Darüber hinaus finde seit dem 7. Oktober im Westjordanland »eine Art stiller Krieg« statt, im Libanon erlebe man die Eskalation des Krieges. »Die Bedürfnisse in der Region waren noch nie so groß, aber gleichzeitig war die Hilfsorganisation noch nie so stark angegriffen worden«, sagte Lazzarini.

Kritik an der israelischen Regierung

In diesem Zusammenhang übte Lazzarini heftige Kritik an der israelischen Regierung. Unter anderem kritisierte er den angeblich fehlenden politischen Willen, »den sich ausbreitenden Hunger im Gazastreifen angemessen zu bekämpfen«.

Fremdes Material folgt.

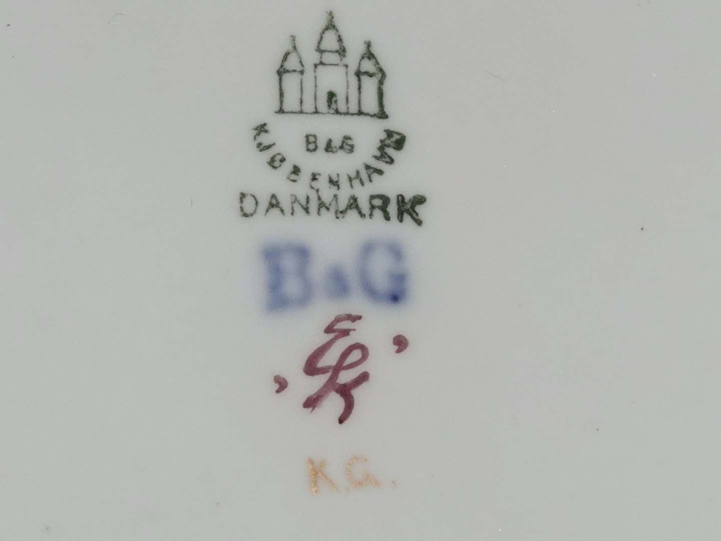 Signed "EK". In 1896 Emma Kongsbøll was hired at age 16 by Bing & Grondahl. In 1907 was Hans Tegner appointed as artistic director and Emma was a student to him. When Hans Tegner passed away in 1932 became Emma Kongsboll the new artistic leader at Bing & Grondahl.

Die israelische Regierung wirft der UNRWA vor, mit Terrororganisationen zusammenzuarbeiten. Berichten zufolge sollen 1200 UNRWA-Angestellte der Hamas oder dem Islamischen Dschihad angehören, einige sogar direkt an den Massakern des 7. Oktober mitgewirkt haben. Derzeit berät die Knesset Gesetzentwürfe, nach denen das Palästinenserhilfswerk als Terrororganisation eingestuft und ihm alle Aktivitäten in Israel untersagt werden sollen.

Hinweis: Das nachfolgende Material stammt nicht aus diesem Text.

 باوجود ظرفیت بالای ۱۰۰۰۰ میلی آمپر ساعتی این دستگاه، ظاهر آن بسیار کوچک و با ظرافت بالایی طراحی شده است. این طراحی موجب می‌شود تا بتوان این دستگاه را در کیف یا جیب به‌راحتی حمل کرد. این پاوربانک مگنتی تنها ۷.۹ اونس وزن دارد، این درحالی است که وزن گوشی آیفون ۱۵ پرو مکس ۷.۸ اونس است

Lazzarini sagte dazu, er glaube, dass die Motivation dahinter politischer Natur sei, dass das eigentliche Ziel darin bestehe, den Palästinensern den Flüchtlingsstatus zu entziehen und auch das Streben der Palästinenser nach zukünftiger Selbstbestimmung zu schwächen.

Beteiligung von UNRWA-Mitarbeiter an den Massakern

Zu den Vorwürfen, dass sich UNRWA-Mitarbeiter an den Massakern beteiligt hätten, sagte Lazzarini, dass jeder der 19 einzelnen Fälle untersucht worden sei. Im Ergebnis habe sich bei der Hälfte der Mitarbeiter herausgestellt, »dass es absolut nicht genug Beweise gibt, um die Untersuchung fortzusetzen«. Für die andere Hälfte sei die Schlussfolgerung nicht eindeutig gewesen, die Informationen konnten angeblich nicht authentifiziert werden konnten.

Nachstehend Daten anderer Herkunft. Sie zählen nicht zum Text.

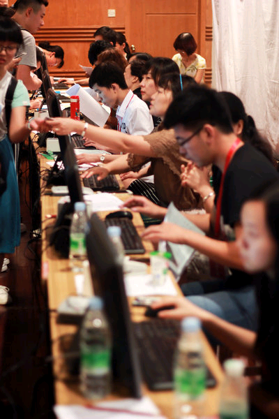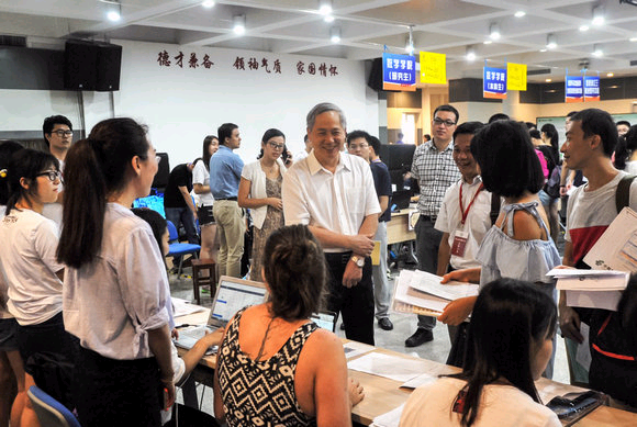 President Luo Jun visiting new students and staff members at the registration site (photo by Liu Jia)

Die UNRWA sei bereit, eine Liste mit weiteren Namen zu überprüfen. Er habe Israel darum gebeten, die Anschuldigung zu belegen, habe aber keine weiteren Informationen erhalten. Im Zusammenhang mit dem Massaker vom 7. Oktober gebe es derzeit keine offene Untersuchung mehr.

Nach Bekanntwerden der Vorwürfe hatten mehrere Geberländer, darunter auch die Bundesrepublik, die Zahlungen ausgesetzt. Ein Sprecher des Auswärtigen Amtes sagte vor wenigen Tagen, dass man die Vorwürfe sehr ernst nehme, UNRWA allerdings in der Region eine wichtige Rolle spiele, und die Bundesregierung deshalb die Organisation weiterhin fördere.

Das Auswärtige Amt habe 2024 bisher 38 Millionen Euro für die Arbeit des Hilfswerks zur Verfügung gestellt. Im vergangenen Jahr unterstützte die Bundesregierung das UN-Hilfswerk eigenen Angaben zufolge mit mehr als 200 Millionen Euro.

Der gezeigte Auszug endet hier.